The project remains a work in progress. Until late December, when its 8 1/2-minute fundraising video began circulating online, even American Jewish education leaders at the forefront of technology-based learning were unaware of its existence.
But in recent weeks, Mercava has sparked discussion in some Jewish education forums over whether the project is just a lot of hype, if it has involved enough educators in the planning process and whether it will offer something new and useful. Others have raised concerns about the scarcity of women in the group’s promotional video. All of Mercava’s executives and board members are men, many of them Orthodox and Syrian.
“We can’t waste our resources on partial solutions developed in a vacuum,” Kohelet Foundation President David Magerman wrote on a popular Jewish education listserv. “We need to plan these kinds of projects with broad-based discussion and support, so the product is acceptable and usable by as many as possible.”
Mercava is hardly the first piece of Jewish educational technology, but it may be the most ambitious. A start-up called Sefaria has begun enlisting volunteers to help put the entire Jewish canon online. The publisher Behrman House makes its textbooks available in digital form. And Israel’s Center for Education Technology has helped develop interactive textbooks for use in Jewish day schools.
But none match Mercava in the sheer breadth of features, services, texts and other media it plans to make available in one central hub. The scale of the site’s ambitions is evident in its marketing rhetoric, which touts the project as “the biggest thing to happen to Talmud since Talmud.”
Moshe said Mercava has been in development for nearly five years and that most of the “underlying work” is done. A basic version of its Daf Yomi program providing free access to the Talmud already is available and has been piloted in almost 100 schools, mostly in Australia and England, he says.
Additional products will begin rolling out in July with the release of 1,000 interactive books in Hebrew and English. A lesson builder tool for teachers will be released soon after.
It is not clear whether Mercava will be open source, but Moshe emphasized that most of its contents will be offered for free.

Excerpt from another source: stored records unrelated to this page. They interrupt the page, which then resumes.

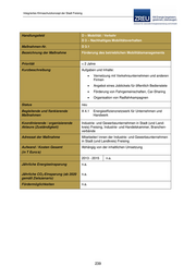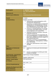 Integriertes Klimaschutzkonzept der Stadt Freising Handlungsfeld D – Mobilität / Verkehr D 2 – Fuß- und Radverkehr Maßnahmen-Nr. D 2.2 Bezeichnung der Maßnahme Umsetzung eines Radverkehrskonzepts Priorität < 2 Jahre Kurzbeschreibung Aufgaben und Inhalte: Schaffung eines zusammenhängenden und flä- chendeckenden Radwegenetzes Entschärfung von Gefahrenstellen im bestehenden Radwegenetz (z.B. Schülerradverkehr), Führung und Ausgestaltung von Verkehrsanlagen für spezi- fische Sicherheitsanforderungen Kinder / Ältere Errichtung von Abstellmöglichkeiten für Fahrräder in Form eines „Park & Bike“-Prinzips, z.B. mit An- schlussmöglichkeit an den lokalen ÖPNV, Verbesserte Anbindung Lerchenfeld / Lösung der Problematik Isarquerung Schaffung ausgewiesener Fahrradparkplätze (Bo- xen) auf dem Stadtgebiet an zentralen und frequen- tierten Orten, sichtbares und sicheres Angebot von Fahrradabstellmöglichkeiten Potenziale zur Errichtung von Schnellradwegen (z.B. Hauptbahnhof - Campusgelände), Vorbildpro- jekt für Nahmobilität Aufbau einer Ladeinfrastruktur für die E-mobilen Fahrräder Status laufend Begleitende und flankierende D 0.1 Erstellung und Umsetzung des Nahverkehrsplans Maßnahmen 2014 D 2.1 Konzept zur touristischen Erschließung der Stadt Freising mit E-Mobilität Koordinierende / organisierende Stadt Freising, Freisinger Stadtwerke Akteure (Zuständigkeit) Adressat der Maßnahme Radfahrer, ÖPNV-Nutzer Aufwand / Kosten Gesamt Nicht quantifizierbar (in T Euro/a) 2013 - 2015 n.a. Jährliche Energieeinsparung n.a. Jährliche CO2-Einsparung (ab 2020 n.a. gemäß Zielszenario) Fördermöglichkeiten n.a. 237
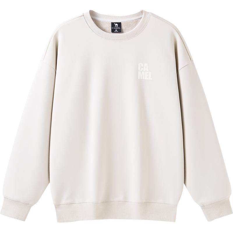 骆驼男装保暖秋冬新款加绒男女同款宽松长袖T恤上衣圆领套头卫衣
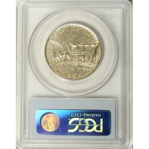 1939-D 50C Oregon MS66 PCGS. Wisps of violet, rose, an
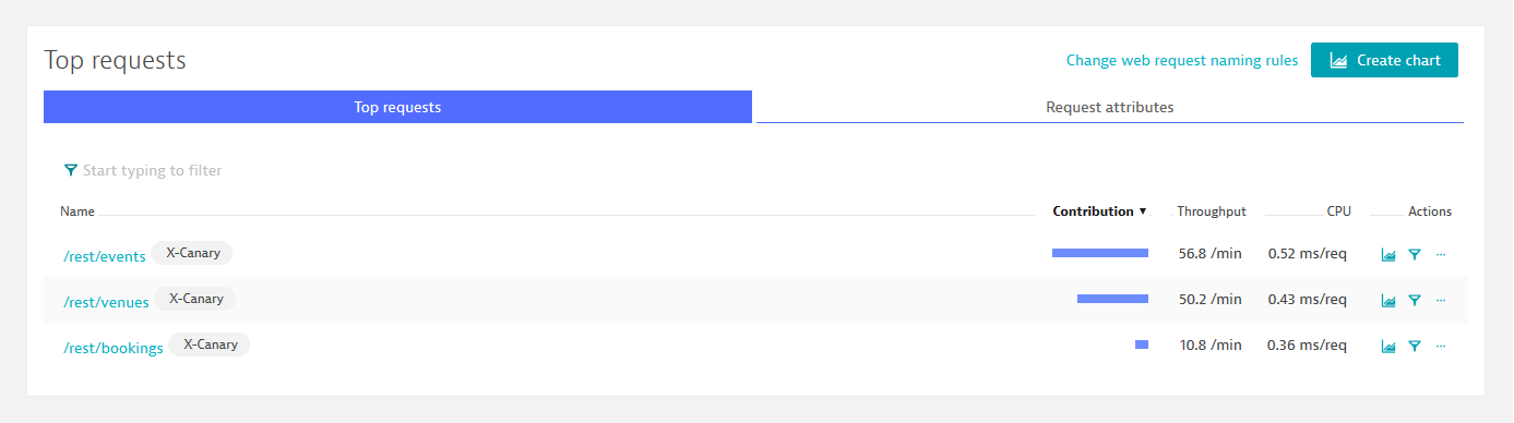 In addition to resolving dependency information, Dynatrace captures every single transaction end-to-end, identifies application endpoints (whether REST endpoints, web services, or queues), and shows throughput as well as resource consumption per request. This information is displayed in the screenshot above and allows us to make better decisions on which endpoints we first want to consider for a microservice candidate. If we want, for instance, to minimize risk, we might choose those entry points with the lowest throughput. On the other hand, we would focus on heavy CPU consumers if we want take load off the monolith.
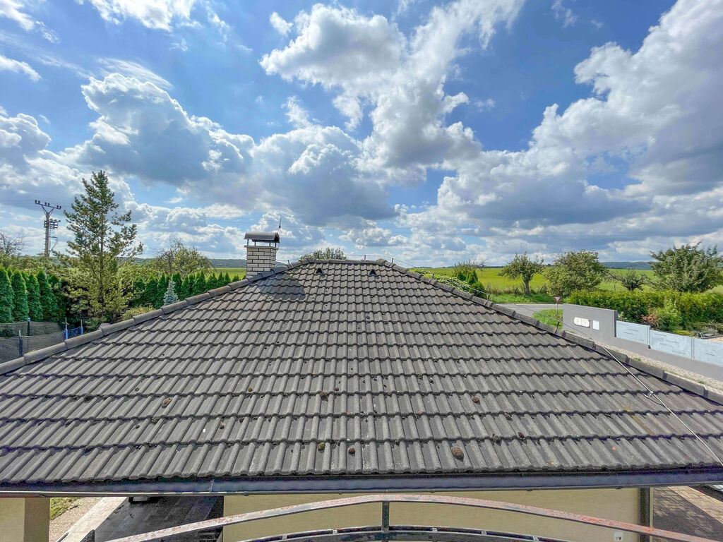• Přízemí: vstupní chodba se šatnou, předsíň s komorou, ložnice pro hosty, pracovna, velkorysý obývací pokoj s krbem, jídelna s plně vybavenou kuchyní Sýkora (AEG), francouzská okna na terasu a zahradu, koupelna s rohovou vanou a WC.
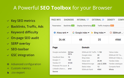 SEOquake is a free plugin that provides you with key SEO metrics, along with other useful tools such as SEO Audit and many others
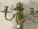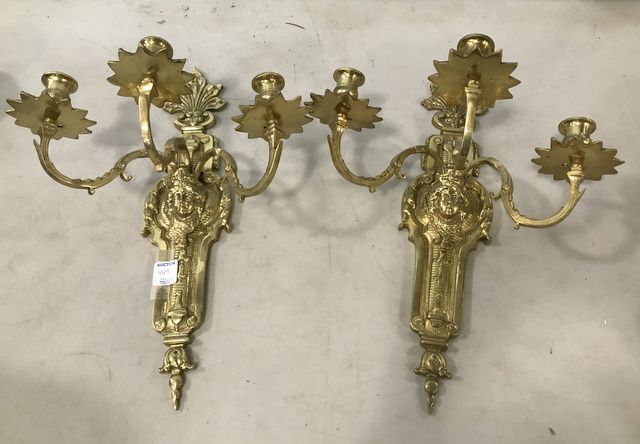 Pair of Vintage Brass Wall Candle Sconces, three arm with portrait faces, 16"h. Pair of Vintage Brass Wall Candle Sconces, three arm with portrait faces, 16"h.
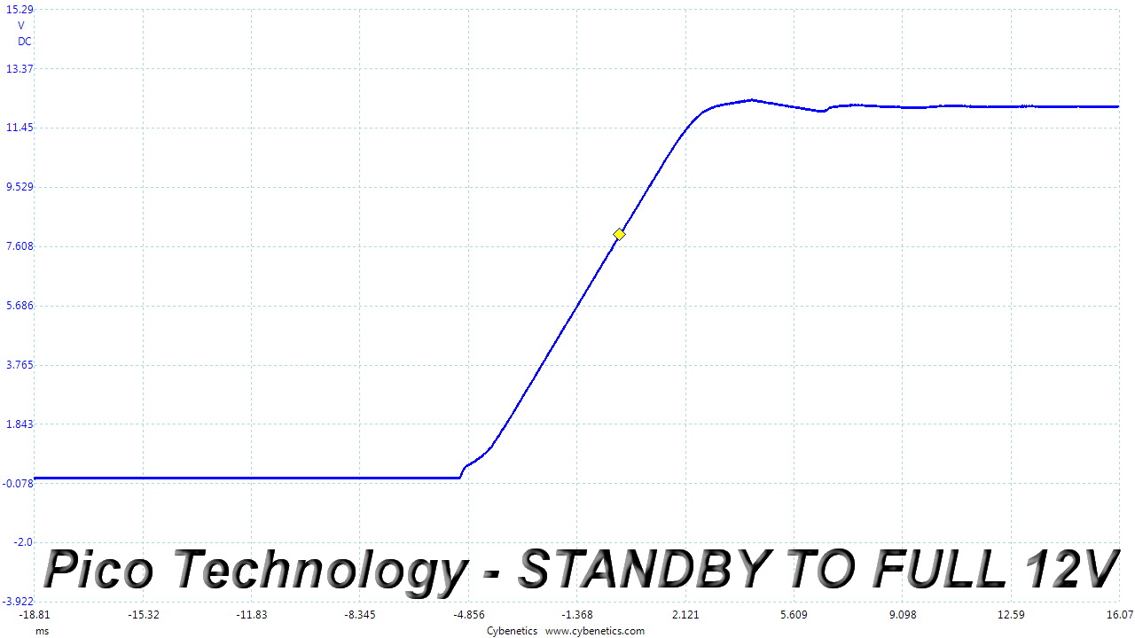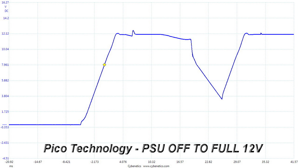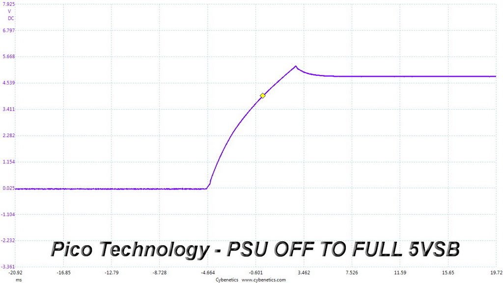 In the second test, we dial the maximum load the +12V rail can handle and start the PSU while it is in standby mode
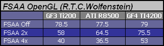 Wyniki nie budzę wątpliwości. GF4 odstawia konkurencję na boczny tor. Radeon próbuje jeszcze walczyć z GF4 w trybie 2x, ale przy 4x sprowadzony zostaje do poziomu znacznie niżej taktowanego GF3. W tej grze supersampling 4x jest dobry do poziomu 800x600x32. Powyżej następuje agonia układu ATI.
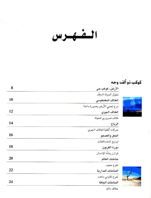 وفي هذا الكتاب يقدم ...المؤلفون معلومات جديدة تتعلق بكوكب الأرض وكيفية ظهور الحياة عليه بعد أن كانت الأرض في البدء وسطاً مناوئاً للحياة ثم تكونت بعد ذلك المحيطات وظهرت في باطنها كائنات حية وتتحدث هذه الموسوعة عن الغلاف المغنطيسي حيث تحتمي الأرض من الرياح الشمسية بواسطة الغلاف المغنطيسي الأرض وخلال الثورات البركانية الشمسية الشديدة يغدو الغلاف المغنطيسي مسرحة لعدة ظواهر مشوشة.
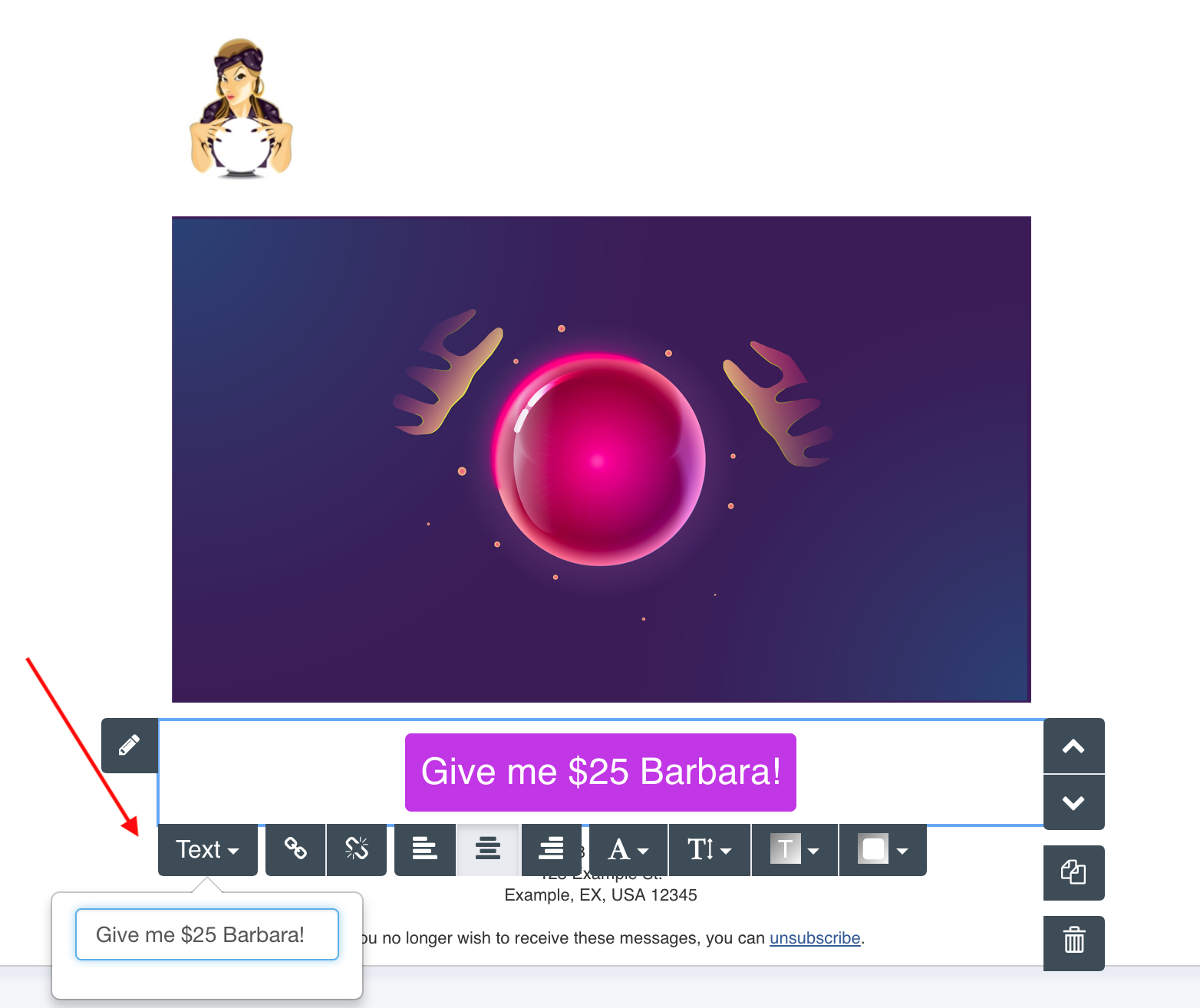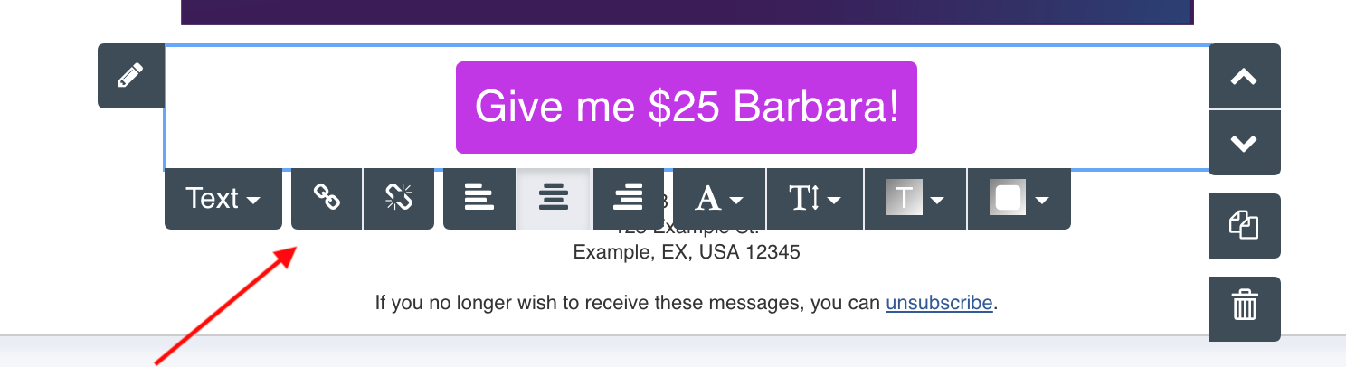 Click the text icon and make the button's wording specific to the action being accomplished instead of something generic like "Click Here" .
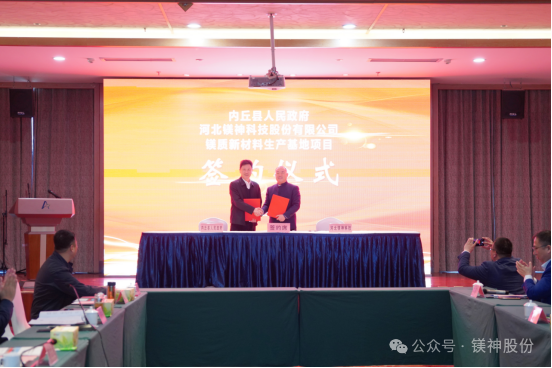 2025年3月28日,河北鎂神科技股份有限公司與內(nèi)丘縣人民政府在阿爾卡迪亞酒店悅盛廳隆重舉行鎂質(zhì)新材料生產(chǎn)基地項(xiàng)目簽約儀式。該項(xiàng)目總投資20.25億元,選址邢臺(tái)市內(nèi)丘縣工業(yè)園區(qū),致力打造世界級(jí)高端鎂質(zhì)新材料生產(chǎn)基地,為區(qū)域經(jīng)濟(jì)高質(zhì)量發(fā)展注入新動(dòng)能。
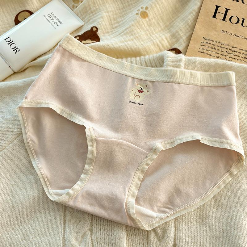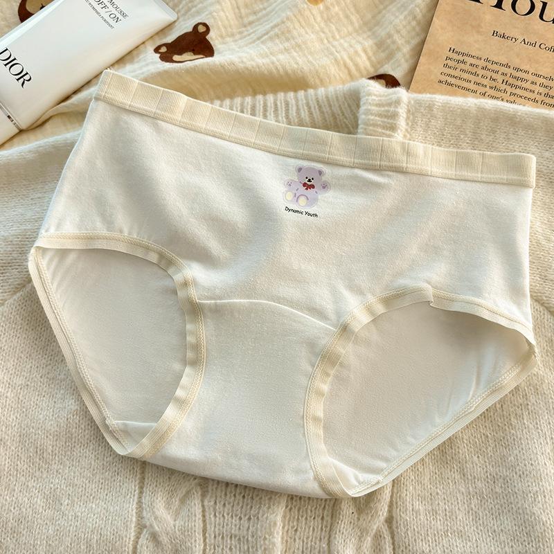 Осенне-зимнее милое женское белье с маленьким медвежонком, милое чистое хлопковое нижнее белье для девочек, средняя талия, женские трусики без следов
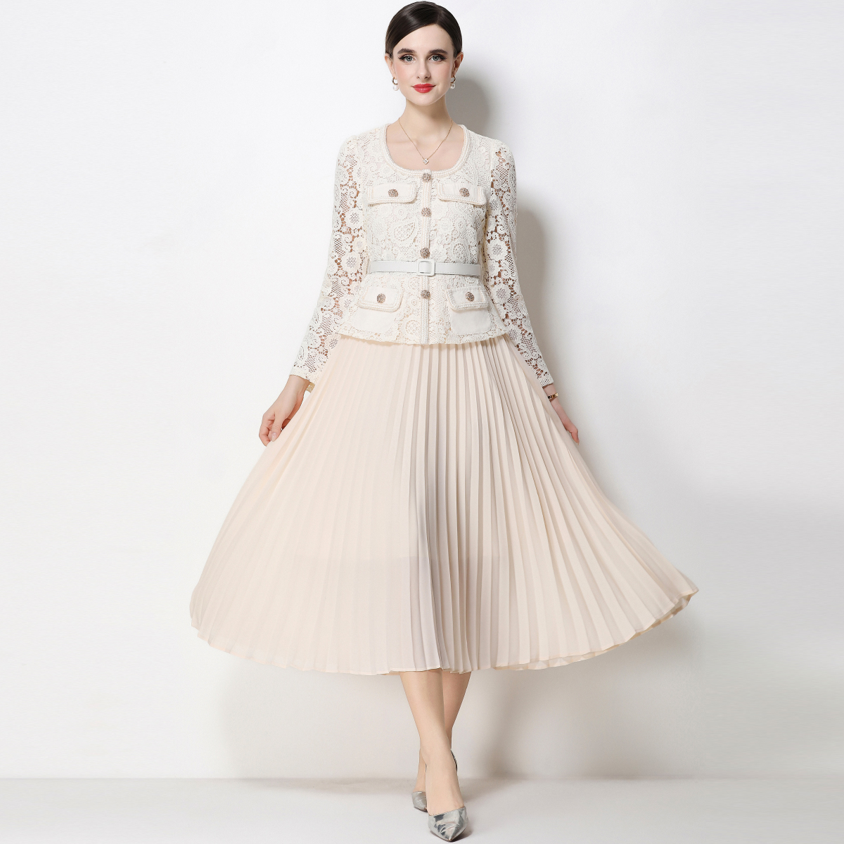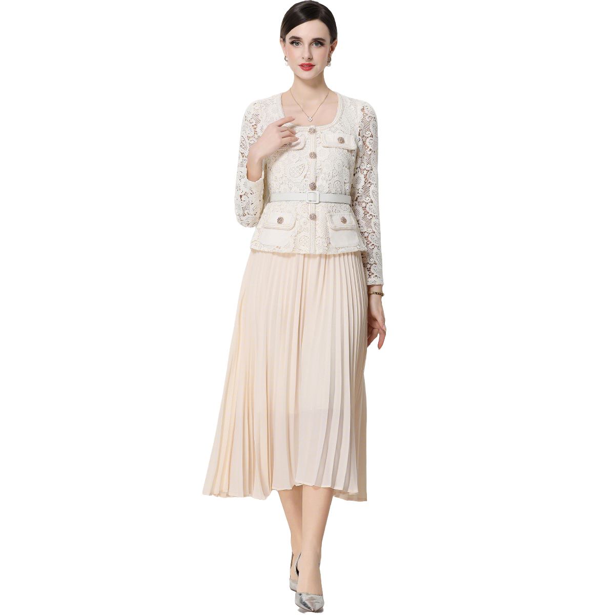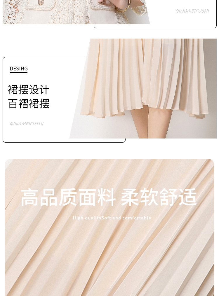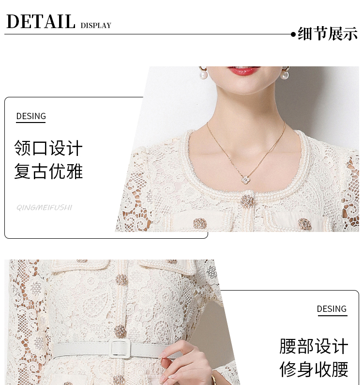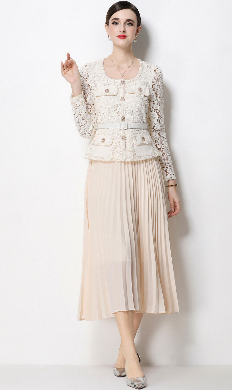 RY1752# 实拍法式小香风新款轻奢修身显瘦方领蕾丝拼接中长百褶裙
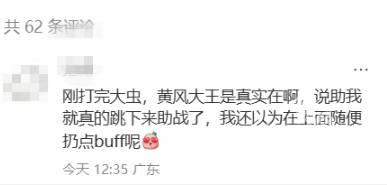 最近有玩家在玩黑神话悟空游戏中发现,黄风大圣是真的实在,说完就跳下来助战了,本来还以为在上面随便扔点buff加成。玩家称:“他下来之后我就旁边看戏了 后面全是他打的”、“说句真的,我一直在旁边看着他干掉大虫”

“Think of it like [Apple’s] app store,” Moshe said. “As much as we can, we’ll make available for free. However, other organizations and companies can build their own products on the platform or integrate existing products, and they can choose whether to make the products available for free or to charge for them.”
Rabbi Tzvi Pittinsky, a Judaic studies teacher at a Modern Orthodox high school in New Jersey and the author of the Tech Rav blog, wrote recently that Mercava may have finally figured out how to bring Jewish education into the digital era.
Pittinsky specifically praised its Talmud app for ease of use with students of varying levels and plans for a lesson building tool that allows teachers to create interactive lessons with guided readings, embedded notes and the option to display or hide translations.
“It might just just be the future of Jewish education,” he wrote.
As to the dearth of women in the Mercava promotional video, Shira Epstein, an education professor at the Jewish Theological Seminary, wrote on a Jewish educators Facebook page that she was “dismayed.” Moshe said that some of the initial funders of the project were women and that more women will be brought on, including as board members, as the project continues.
Rachel Abrahams, a program officer at the Avi Chai Foundation, which has funded numerous Jewish educational technology projects in recent years, said that while her foundation is not investing in Mercava, there’s a need for the kinds of resources and features it is promising.
“They have very big goals,” Abrahams said. “The question is how they get there and will they deliver.”